I don't really think one type of fantasy will cause the other type to go extinct. I think it's more of a pendulum thing. Public opinion swings one way, and then it swings back the other way, ad infinitum.


----------



## Ophiucha (Mar 22, 2013)

Andrezj Sapkowski. <3

The dark fantasy trend, I think, is already fading. It might have another blip back up with _Game of Thrones_ being as popular as it is (though even that isn't as dark as some of the stuff from the late 90s/early 00s), but I think we're already moving towards the sort of fantasy that has its downs but ultimately ends well or at least in a bittersweet kind of way.
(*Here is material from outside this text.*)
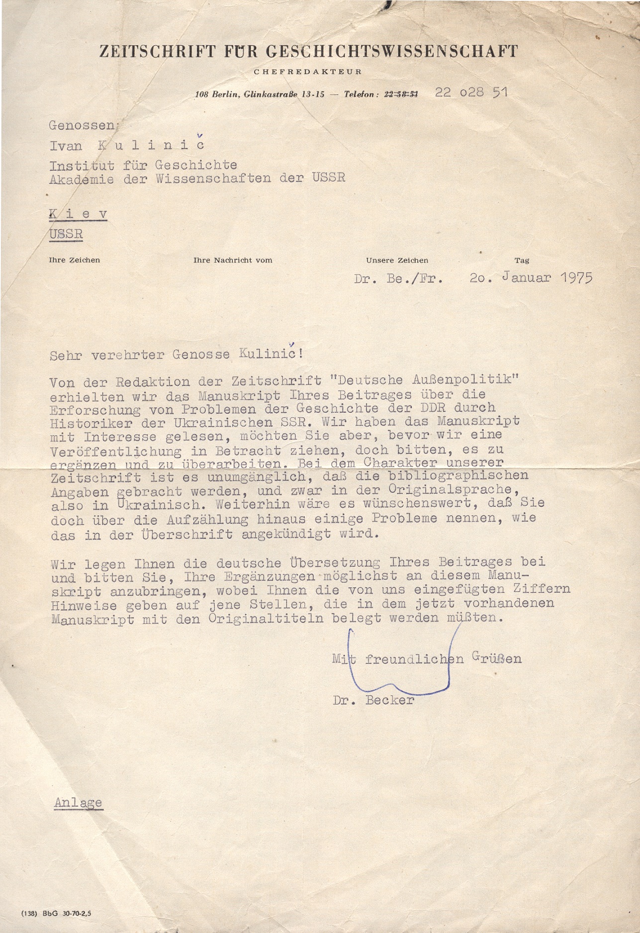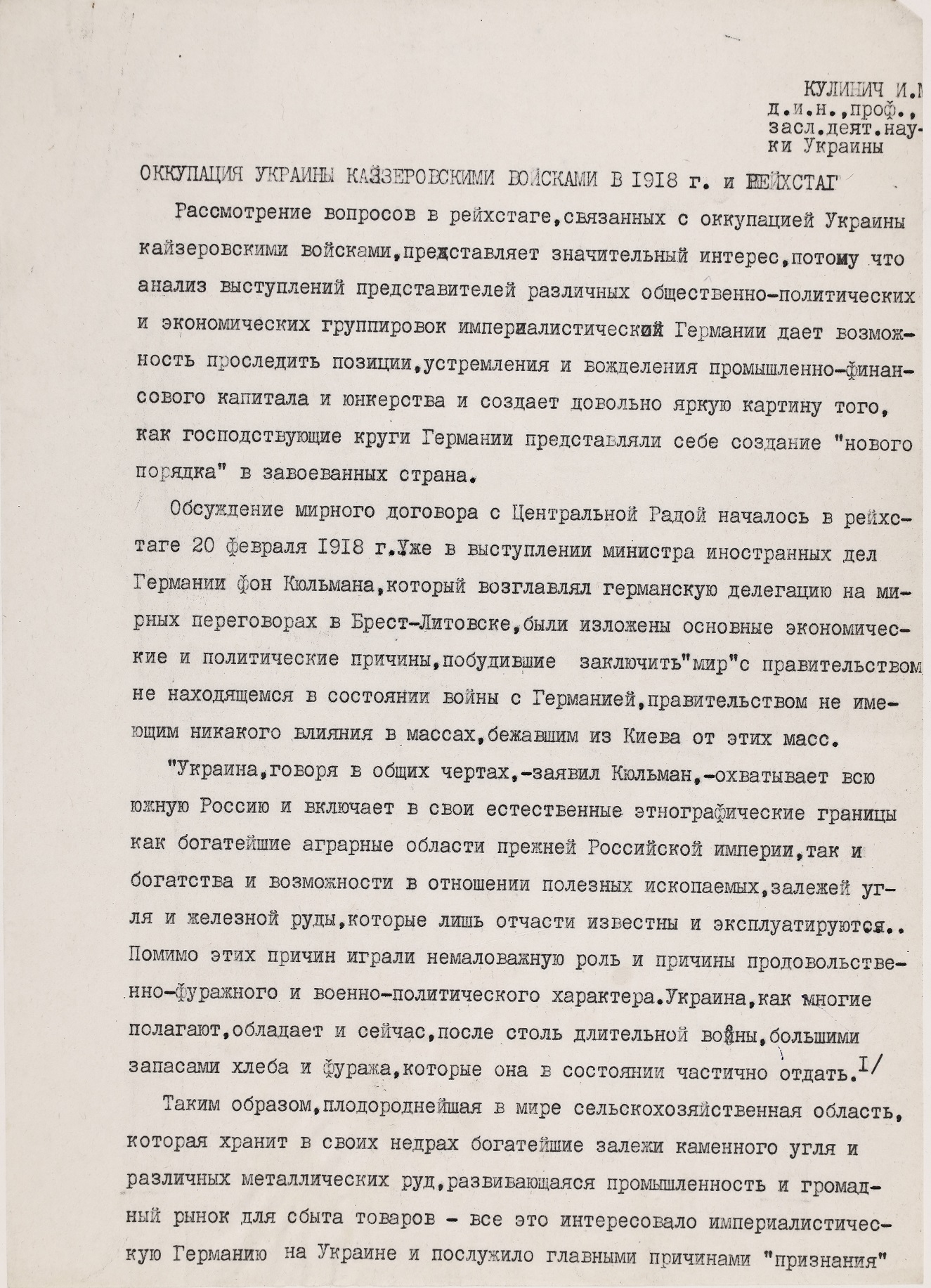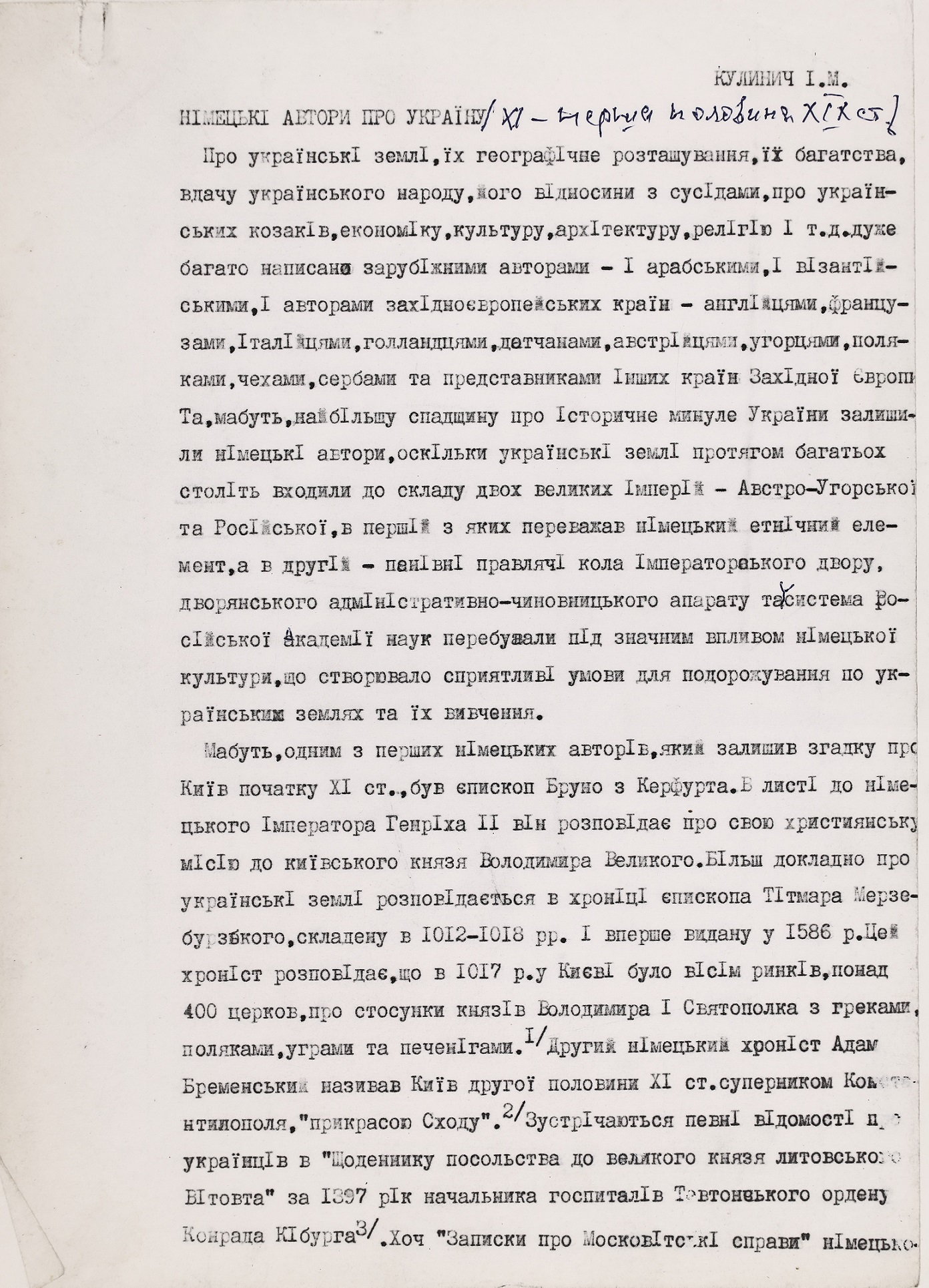 15 серпня 2024 року українська наукова громада відзначила поважну дату – 100-річчя від дня народження Івана Марковича Кулинича, видатного германіста, доктора історичних наук, професора Інституту історії НАН України. Роль Івана Марковича у формуванні української історичної германістики важко переоцінити. Його наукові студії, педагогічна діяльність, активна громадська робота, а також внесок в просування української гуманітарної науки надають йому заслуженого статусу одного з провідних діячів української історичної науки свого часу. Відомий своїми історико-культурними дослідженнями Німеччини, українсько-німецьких зав’язків, німецької громади України, Іван Кулинич започаткував чимало наукових напрямів у цій сфері, створив школу молодих учених та сприяв наведенню містків між українською та західноюєвропейською науками.

I've been noticing a lot of stories that are about sort of ambiguously moral protagonists that are still generally light, like with pirates or thieves as protagonists. A lot fewer Thomas Covenants and a few more Robin Hoods. Maybe it's just what I'm reading, though. And I definitely think it is a pendulum - we might hit another spike of good vs. evil in ten years or so when my generation (the 'Harry Potter' generation) hit 30 or so and are publishing their own fantasy novels.


----------



## Mindfire (Mar 22, 2013)

Ophiucha said:


> we might hit another spike of good vs. evil in ten years or so when my generation (the 'Harry Potter' generation) hit 30 or so and are publishing their own fantasy novels.



As a matter of fact, I'll be spearheading that. Or at least I would be if I'd stop procrastinating and getting distracted by worldbuilding and actually wrote the story. But if you think about it, once ASOIAF ends, it's going to leave a pretty big void, kinda like Harry Potter did. People are going to be looking for The Next Big Thing in Fantasy. The writer with just enough luck on his/her side to get the timing perfectly right is going to jump right into that slot, and as far as tone goes they'll probably be quite different from ASOIAF. Incidentally, ten years is roughly the amount of time it'll take GRR Martin to _finish_ ASOIAF according to some of his fans.


----------



## Philip Overby (Mar 22, 2013)

My hope, personally, is to see more adventure type stories in the spirit of sword and sorcery.  Some are using elements of that now, like Joe Abercrombie, Saladin Ahmed, Scott Lynch (not so much S&S, but reminds me of Fritz Lieber's Fafrd and Grey Mouser stuff for some reason) and others.  Sapkowski stories also have a sword and sorcery meets fairytale element to them as well, although Geralt can use magic, so he's on even playing ground with his enemies.  

There's a place for all types of fiction in fantasy.  I'm not sure the pendulum is swinging the other way yet.  I still notice a lot of writers with debut novels and getting their own series are still producing some darker fiction.


----------



## Zero Angel (Mar 22, 2013)

True or False and Why:
It's easier to stand out / make an impression by going dark.​
I'm thinking true just for shock value if nothing else.


----------



## Steerpike (Mar 22, 2013)

Zero Angel said:


> True or False and Why:It's easier to stand out / make an impression by going dark.​
> I'm thinking true just for shock value if nothing else.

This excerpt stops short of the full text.